The overall impact of that trend remains to be seen, given that Cruz has developed his own powerful Texas donor network to fill up his war chest many times over. Plus, donor strength is hardly a reliable indicator of success at the polls — a reality that has played out big-time this year.
Washington Free Beacon: Feds Flag Thousands of Illegal Bernie Sanders Contributions
The FEC sent a letter to the Sanders campaign earlier this month flagging an additional 1,316 “excessive, prohibited, and impermissible contributions” in the fourth quarter of 2015…

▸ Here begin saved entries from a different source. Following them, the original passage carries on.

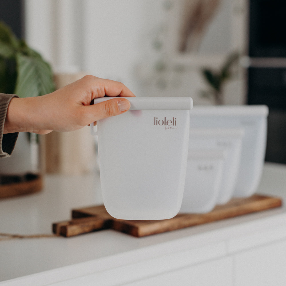 Unsere Beutel bestehen aus hochwertigem, lebensmittelechtem Silikon – langlebig, flexibel und geruchsneutral.
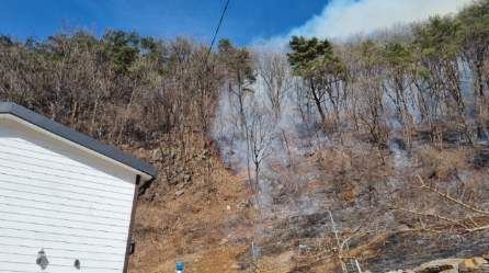 산림·소방 당국 등은 헬기 5대, 장비 19대, 인력 124명을 투입해 이날 오후 5시 45분께 큰불을 잡고 남은 불씨를 끄고 있다.
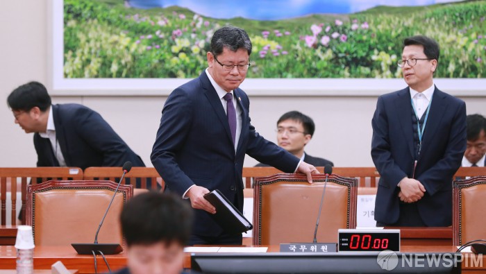 [서울=뉴스핌] 이형석 기자 = 김연철 통일부 장관이 15일 오전 서울 여의도 국회에서 열린 외교통일위원회 전체회의에 참석 하고 있다. 2019.11.15 leehs@newspim.com
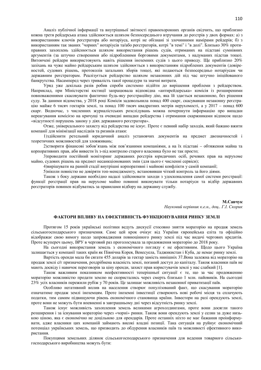 Савчук М. Фактори впливу на ефективність функціонування ринку землі / М. Савчук, Г. І. Скорик // 77-ма Студентська науково-технічна конференція. Секція "Публічне управління та адміністрування" : збірник тез доповідей, 7 листопада 2019 року, Львів. — Львів : Видавництво Львівської політехніки, 2019. — С. 110–111. — (Проблеми конкурентного регулювання).
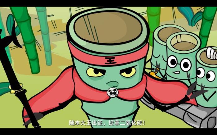 二氧化碳排放过多已经影响到人类赖以生存的地球环境。视频中,竹子被拟人化,被比喻为“吸碳王”。据悉,竹子本身具有吸碳功能,二氧化碳被竹叶吸收后,储存在竹节中,最后通过竹根藏进土里。
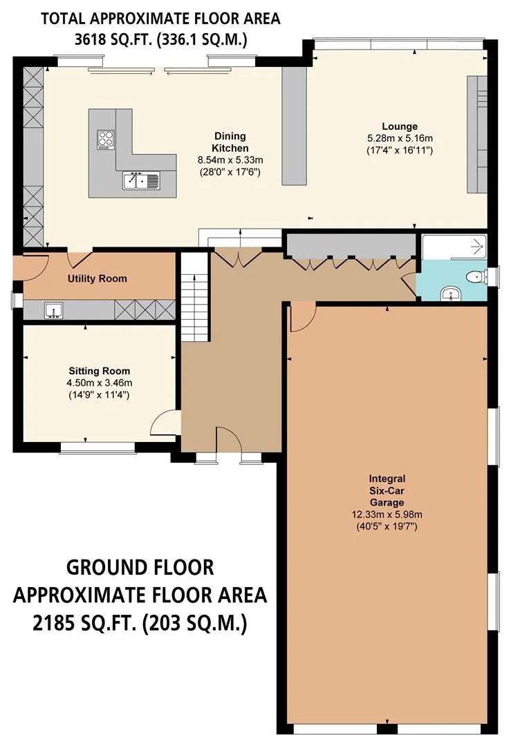 Purpose-built to accommodate six vehicles, the integral garage has the benefit of heating, electric roller shutter doors, and provides an exceptional amount of space for a variety of uses, such as an at-home gym or office. There is also potential to repurpose the garage into additional living space or leisure facilities, if desired.
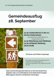 Wir starten mit dem gemeinsamen Gottesdienst im Kooperationsraum um 10:30 in Heitersheim. Danach wandern wir zum Grillplatz nach Betberg und werden bis ca. 16:00 dort sein.

Some of the campaign’s legal problems stem from enthusiasm for Sanders’ candidacy from foreign nationals, many of whom have publicly revealed donations to the campaign in violation of U.S. election laws.
“I am German, live in Germany and just donated to Bernie Sanders’ campaign on www.BernieSanders.com simply using my credit card—Is this illegal in any way?” asked a user on the website Quora.
New York Times: G.O.P. and Democrats at Odds Over Dismissal of Perry Indictment in Texas
Mr. Perry’s lawyers, the special prosecutor and legal experts were as divided in their views of the court’s decision as the court itself, whose eight judges involved in the case issued one majority ruling, two concurring opinions and two strongly worded dissents. The ruling was 6 to 2, with six Republicans deciding for Mr. Perry, and one Republican and one Democrat dissenting. Some saw political motivations in the dismissal while others did not.
“Everything about this case is unusual,” said Shannon Edmonds, a former prosecutor who is the director of governmental relations for the Texas District and County Attorneys Association, which represents thousands of local prosecutors. “It’s a once-in-a-century type of case.”
Northwest Indiana Times: House rejects call to restore campaign finance limits
The Republican-controlled chamber voted 62-31 Thursday to reject the addition of a fourth topic to Senate Joint Resolution 14, which requests Congress call a state-led convention for proposing constitutional amendments restricting federal spending, federal power generally and imposing congressional term limits.